▶ [Source records]:
:::
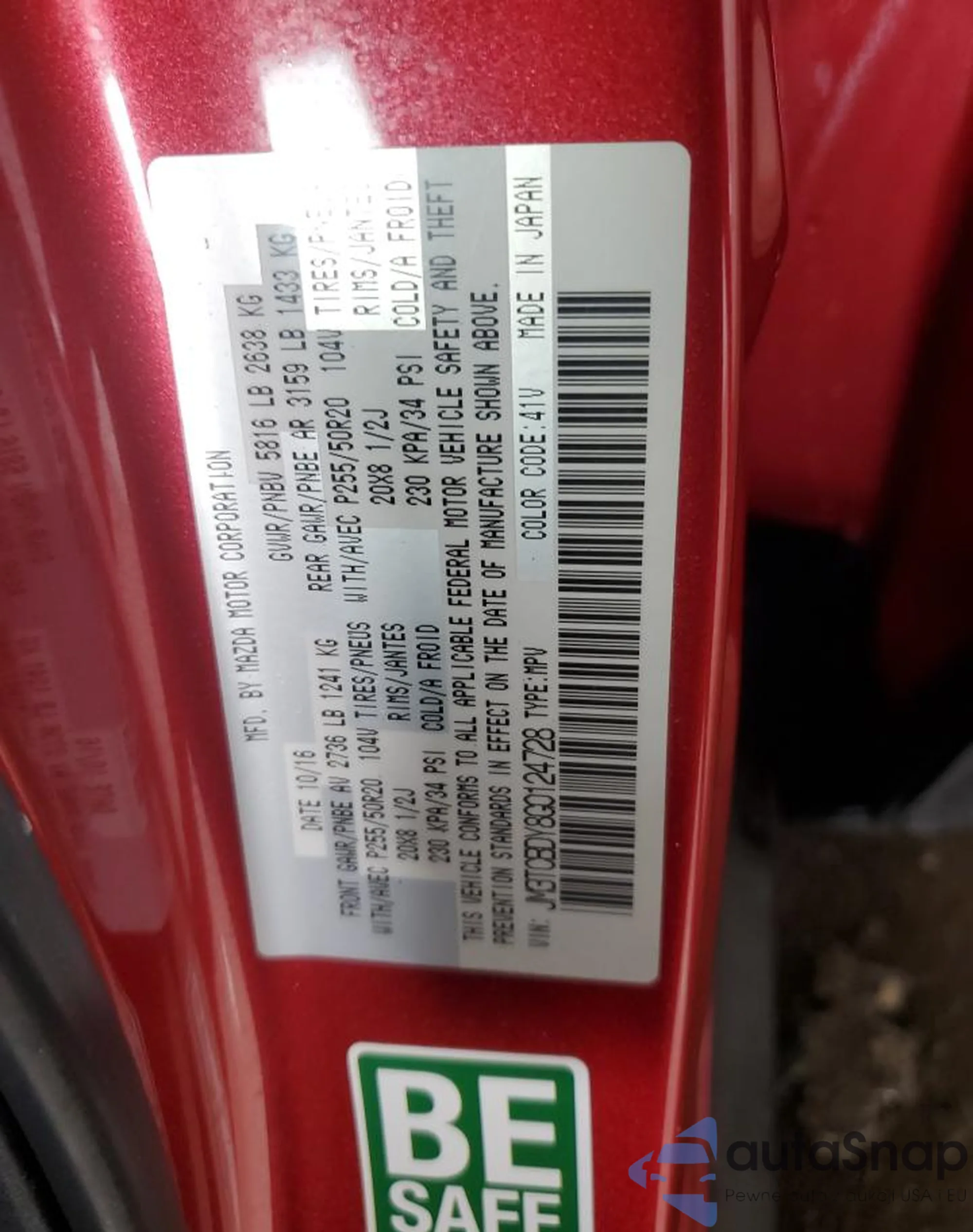 • VIN 3VW7S7AT8DM818862
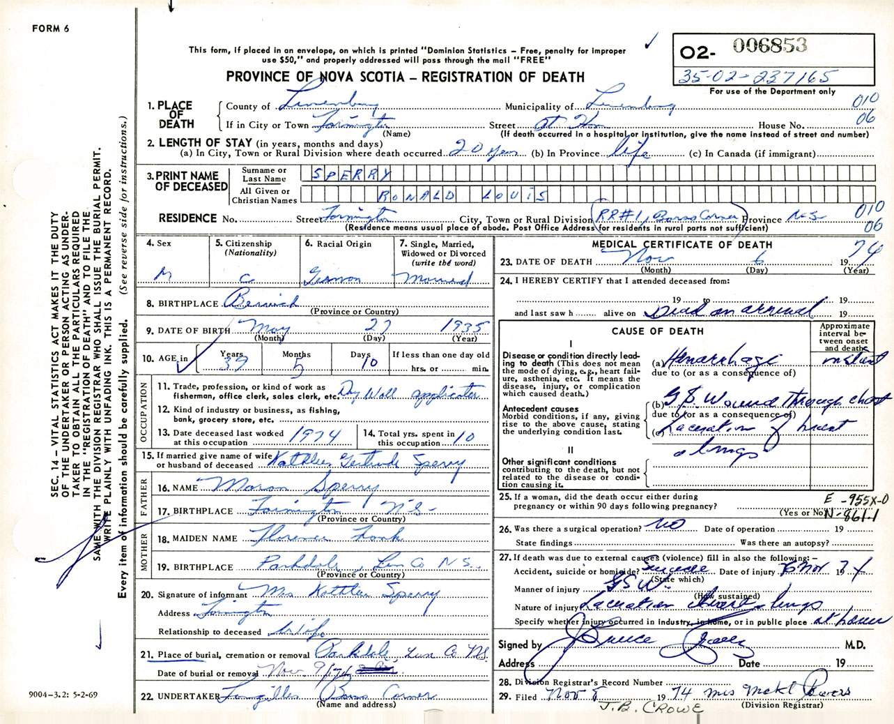 Male Death Registration: Year: 1974 number: 6853
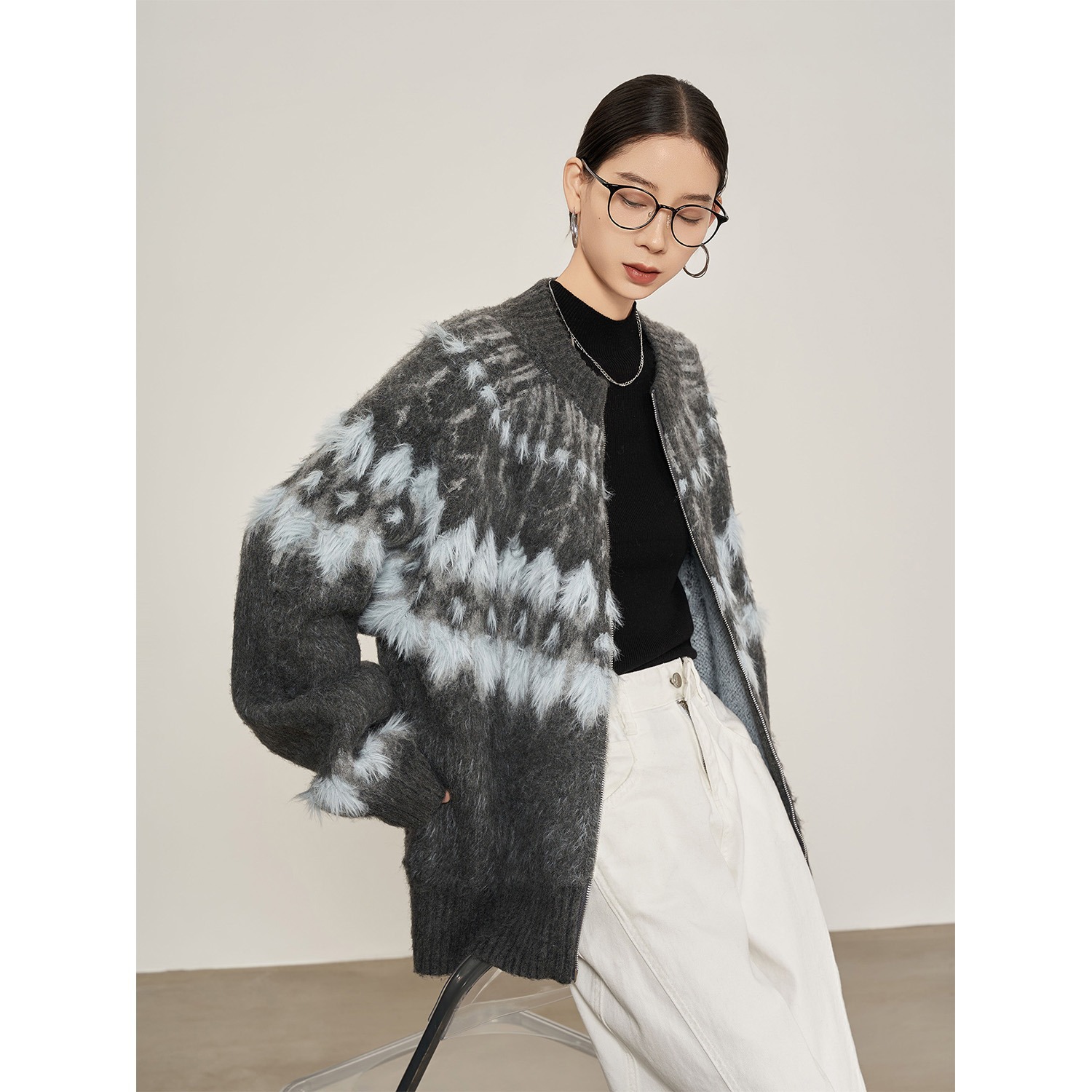 美式复古费尔岛提花拉链针织开衫毛衣外套男女秋冬新款情侣上衣男
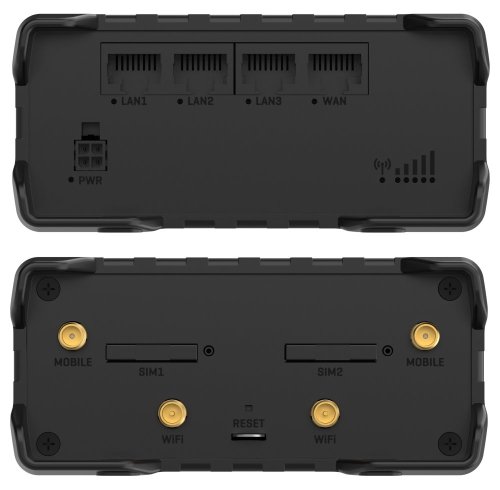 Porty: 4× RJ-45 (3× LAN, 1× WAN), 2× SIM slot (mini SIM, formát 2FF)
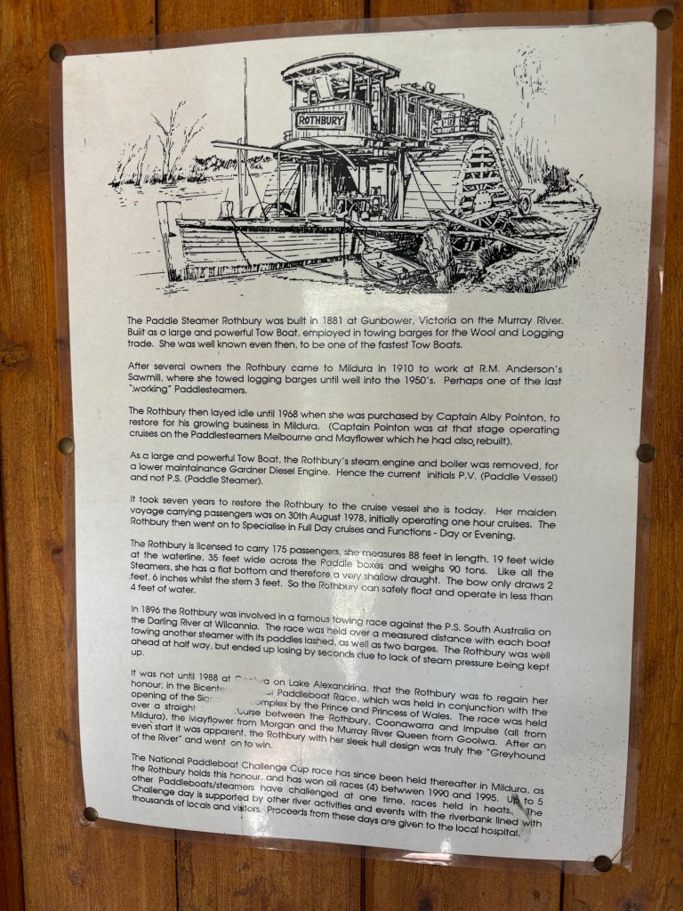 Today… we headed back to the river front for a paddle boat cruise along the Murray
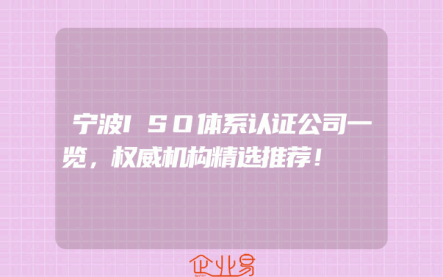 - 宁波ISO体系认证公司一览,权威机构精选推荐!
:::
▶ [EXERCISE INSTRUCTIONS]: Would you write out each record above exactly, with no images?

▶ [WRITTEN ANSWER]:
 • VIN 3VW7S7AT8DM818862
 Male Death Registration: Year: 1974 number: 6853
 美式复古费尔岛提花拉链针织开衫毛衣外套男女秋冬新款情侣上衣男
 Porty: 4× RJ-45 (3× LAN, 1× WAN), 2× SIM slot (mini SIM, formát 2FF)
 Today… we headed back to the river front for a paddle boat cruise along the Murray
 - 宁波ISO体系认证公司一览,权威机构精选推荐!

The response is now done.